南茉略一思索,道:“你們將軍在這個地方可有莊子?”
官兵想了想:“有的。”
南茉開口道:“將他們全部送至莊子上,種地去。”
她隨即自空間中取出一些沒有標明是何種子的紙包。
剛好讓這些人去試試。
她回西夏時,還要路過這裡,剛好看看。
正這時,齊玉緩步走進屋內,取出一隻瓷瓶,交給南茉:“此藥可控製他們,服下後沒有解藥必死無疑。”
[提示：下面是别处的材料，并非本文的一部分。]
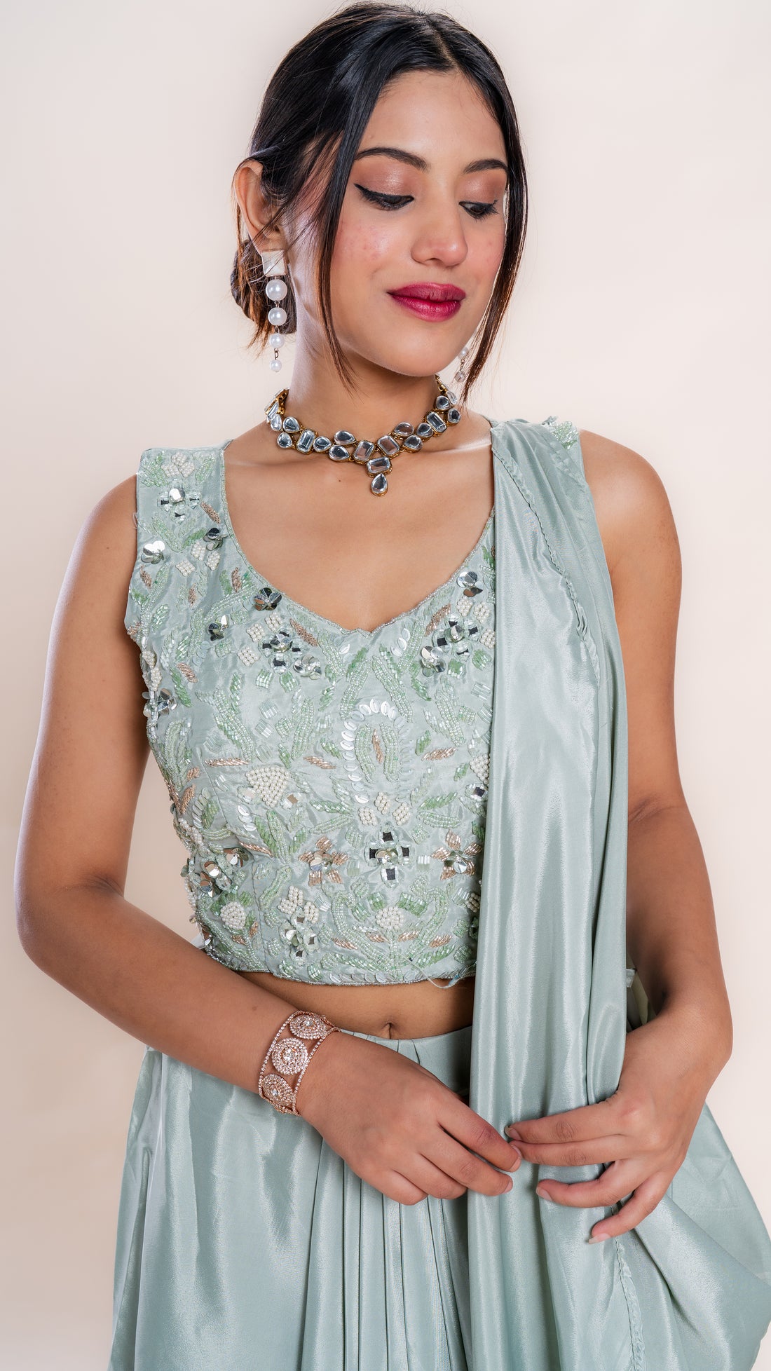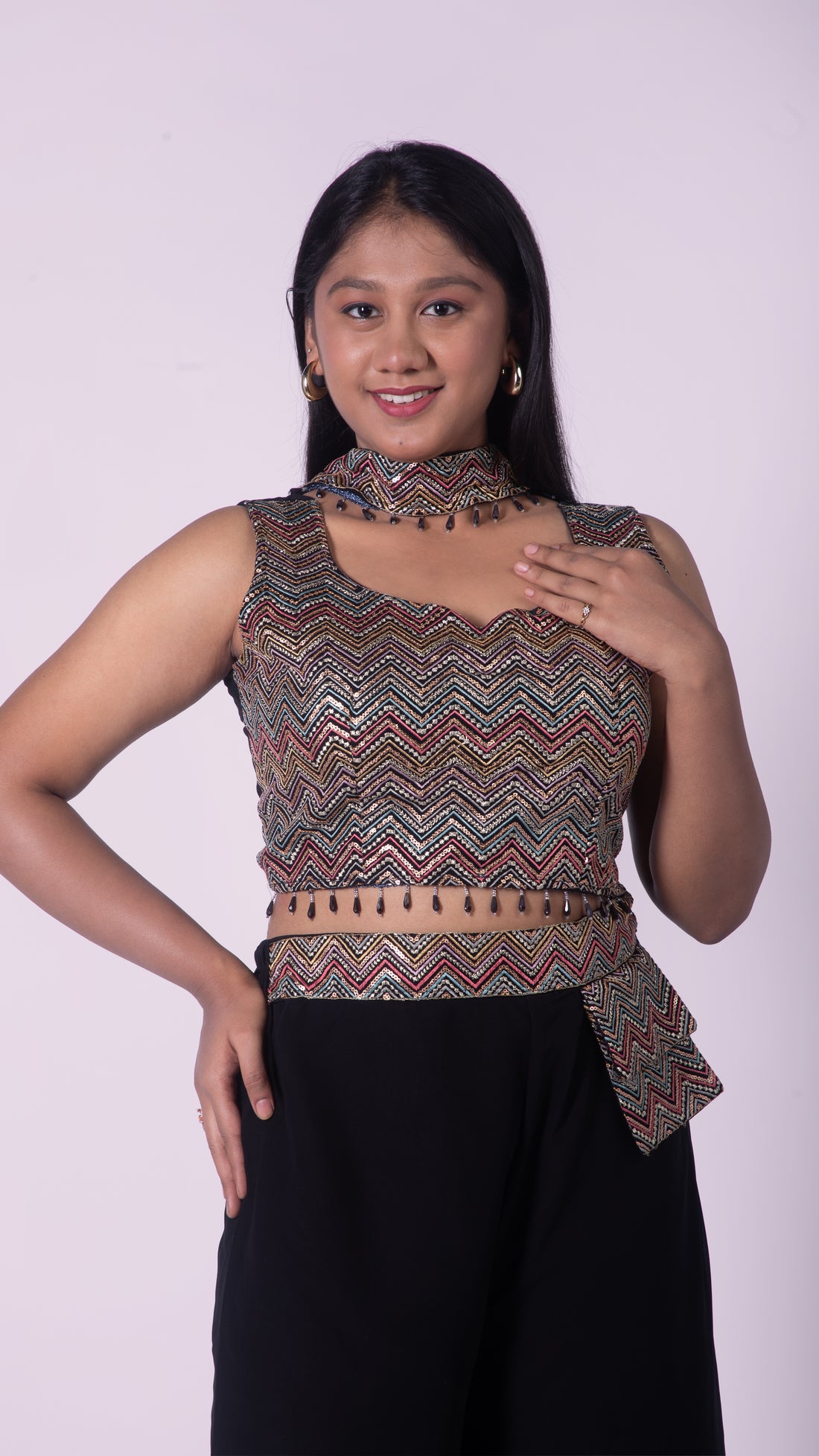 Palazzo with Attached Pocket and Embroidery with Beads Worked Top and Choker Dupatta

南茉抬眼看向那官兵,聲音平靜卻含威壓:“我能相信你們嗎?”
言下之意十分明確:若有不從,同樣難逃服藥之果。
官兵連忙跪地:“南姑娘放心,小的們絕不敢偷懶!”
南茉頷首:“告訴他們,好生耕種,休想偷奸耍滑。這些藥,每人一顆。想活命,就老實些。”
南茉略一沉吟:“算了,我同你一道去。”
她若不去親自施壓,隻怕那些家眷根本不會將這些官兵放在眼裡。
齊玉立即接口:“我也陪你。”
小花在一旁暗自嘀咕:這齊玉公子簡直和嬌蘭郡主一個樣,都像塊膏藥似的,黏姑娘黏得緊。
雲傲天與小八尚未歸來,二人正隨官兵查抄各位大臣府邸,將所有銀兩儘數收繳,其餘物件則暫留府中。
府中下人也一律遣至莊子上做工。
南茉則帶著齊玉、小花及留下的兩名手下,動身前往軟禁家眷的院落。
南茉踏入院落,官兵已將一眾家眷集中至院中。
那些貴婦人見來者是個年輕女子,皆麵露不屑,隻當她是田將軍的相好。
官兵為南茉等人搬來椅子,小花並未就座,隻靜立南茉身側,齊玉則坐在南茉一旁。
“都跪下!”這一聲是小花所喝。
那些貴婦、貴女與公子們滿臉不服,毫無下跪之意。
知府家的姨娘率先開口,語帶譏諷:“憑什麼讓我們跪?你是什麼人?田將軍的情人?田將軍與我家老爺也算平級,我們不跪。”言辭尖銳,滿是對南茉的輕蔑,更是對容貌的嫉妒。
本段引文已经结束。